Selbstmedikation bei Fußpilz

»Muss Fußpilz immer behandelt werden«, »wann liegt ein Fall für die Selbstmedikation vor« und »welches Präparat eignet sich für wen«? Auf diese und weitere Beratungsfragen rund um das Thema Fußpilz geht der siebte Teil der Campusserie »PhiP im HV« ein. Für Pharmazeuten im Praktikum (PhiP) steht zudem ein interaktives Arbeitsblatt zum Anpassen an die Produktpalette ihrer PJ-Apotheke zur Verfügung.
Carolin Lang
31.05.2021  09:00 Uhr

Als »Tinea« bezeichnet man eine durch Dermatophyten ausgelöste Pilzinfektion (Mykose). Tritt diese am Fuß auf, spricht man von »Tinea pedis«, dem Fußpilz. Dieser ist weit verbreitet und plagt schätzungsweise jeden dritten Erwachsenen in Deutschland einmal in seinem Leben. Männer sind in der Regel häufiger betroffen als Frauen, ältere Menschen öfter als jüngere. Auch Sportler sind häufig betroffen, was die englische Bezeichnung »athlete’s foot« erklärt. Dies liegt unter anderem daran, dass eine feuchtwarme Umgebung optimale Wachstumsbedingungen für die Erreger schafft. Als Risikofaktoren gelten außerdem Durchblutungsstörungen, die beispielsweise als Folge von Diabetes mellitus, chronisch venöser Insuffizienz oder peripherer arterieller Verschlusskrankheit (pAVK) auftreten können.

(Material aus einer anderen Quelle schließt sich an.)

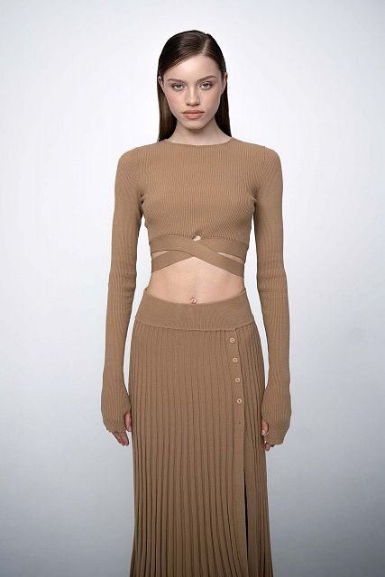 Jersey top with cross ribbon strings.Composition: 91% Viscose, 9% elastane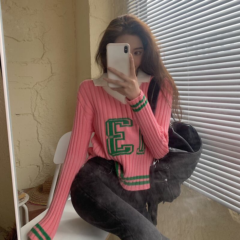 オータムウィンターセーター ピンク 秋物 冬物 Xiaofeijia53896399866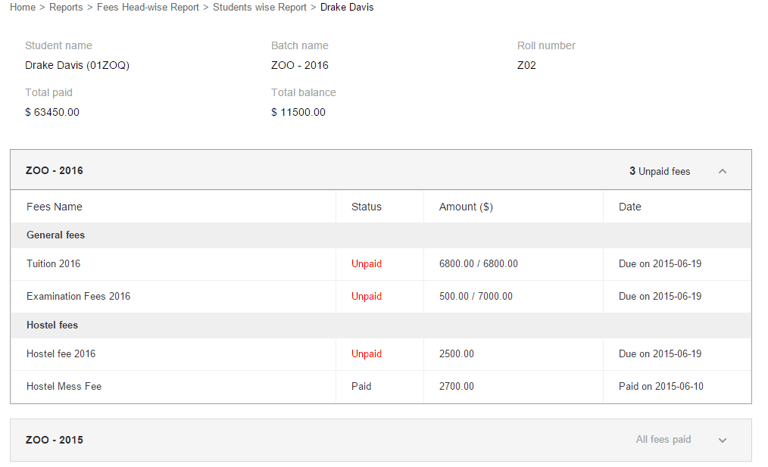 Click to expand and view all the fee details. The fee details include the fee name, payment status (Paid or Unpaid), amount paid or amount due, and payment date or payment due date. You can click on the fee name to go to the fee submission page and the process for fee payment for any unpaid fees.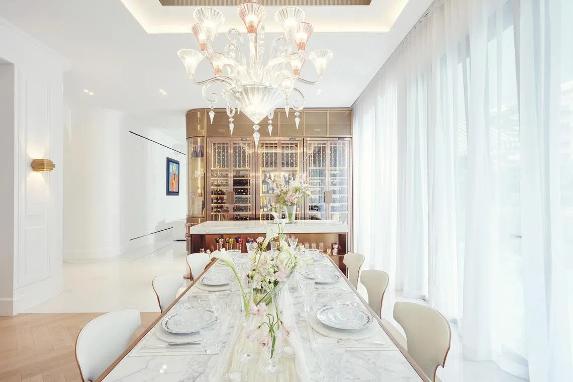 Adjacent to the eight-seater Giorgetti dining table set that is anchored by a Baccarat crystal chandelier hanging above, a wine chiller flaunts an impressive selection of vintages, including revered labels Chateau Mouton Rothschild, Petrus and Chateau Margaux.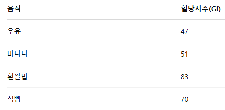 우유의 혈당지수 비교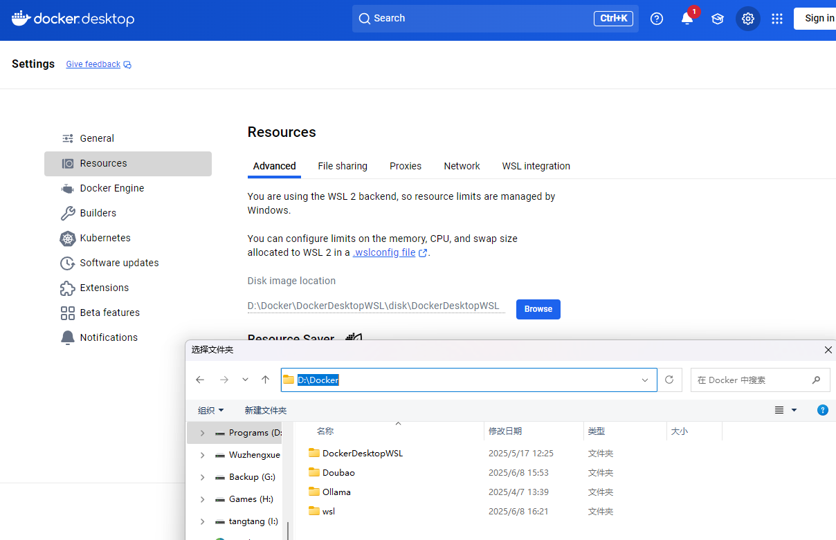 进入Docker Desktop设置页面,Setting -- Resources -- Disk image location, 在这里设置新的文件夹地址,比如: D:/Docker, 然后点右下角Apply & Restart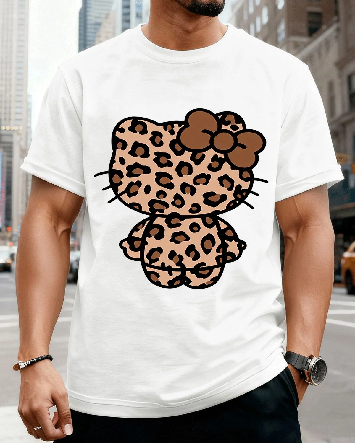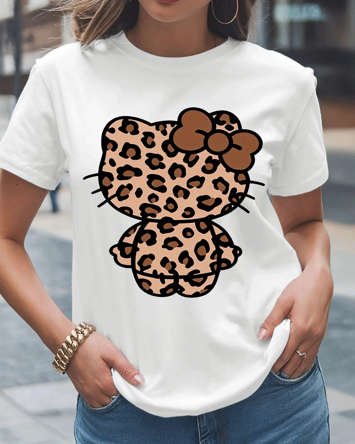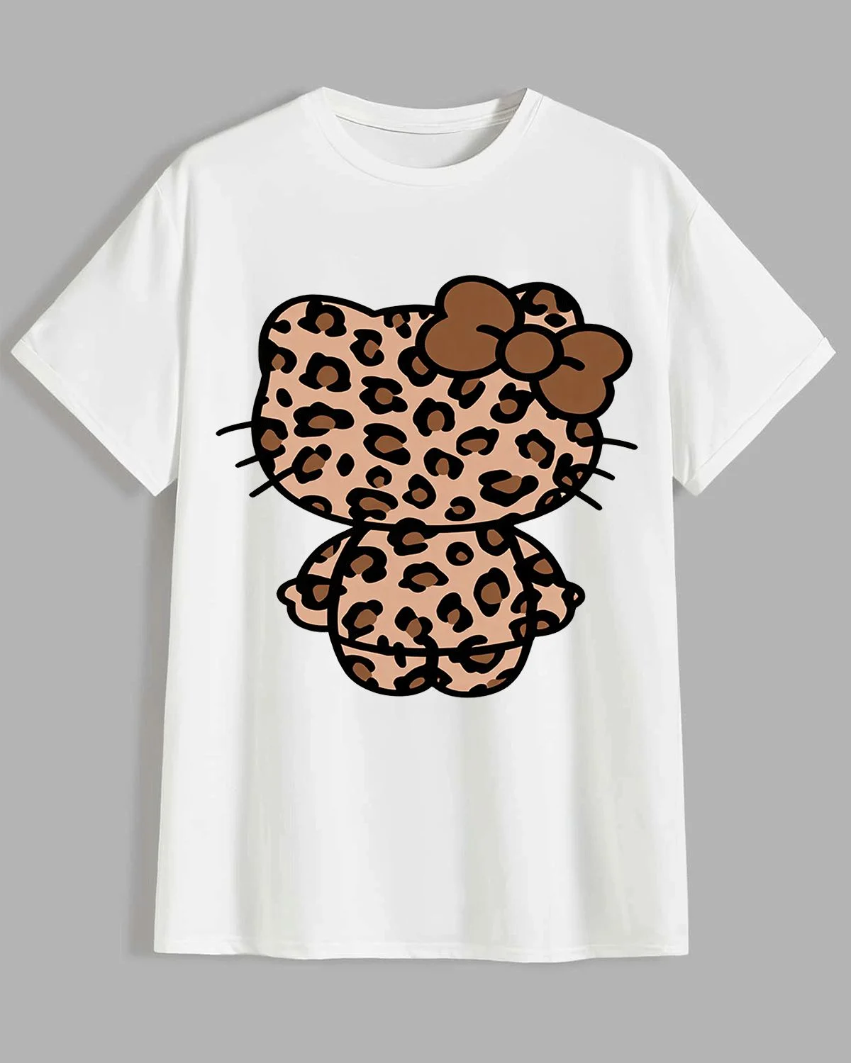 Leopard Print Cat Summer Cotton Graphic T Shirt - Casual Trendy, Short Sleeve, Soft Fabric, Comfortable Fit

Fußpilz kann in verschiedenen Ausprägungen auftreten, von denen sich nicht jede für die Selbstmedikation eignet.

  1. Bei der interdigitalen Form sind die Zehenzwischenräume betroffen. Symptome sind Juckreiz, Mazeration, also eine Aufweichung der Haut, Rötung und Schuppenbildung. Häufig treten diese zu Beginn zwischen dem vierten und dem kleinen Zeh auf.
  2. Bei der squamös-hyperkeratotischen Form, auch Mokassin-Mykose genannt, geht die Infektion von
    der Fußsohle aus und breitet sich über den Fußrücken aus. Betroffene Areale sind zunächst leicht entzündet und schuppig. Im weiteren Verlauf kann es zu starker Verhornung und schmerzhaften
    Rhagaden, also Einrissen in der Haut, besonders im Fersenbereich kommen.
  3. Für die vesikulös-dyshidrotische Form sind juckende Bläschen an den Fußsohlen charakteristisch.

Als Faustregel gilt: Jede Infektion, die über die Zehenzwischenräume hinausgeht, gehört in ärztliche Hand. Eine Behandlung ist generell zu empfehlen. Bleibt sie aus, besteht die Gefahr, dass sich die Infektion weiter ausbreitet, superinfiziert oder die Nägel befällt.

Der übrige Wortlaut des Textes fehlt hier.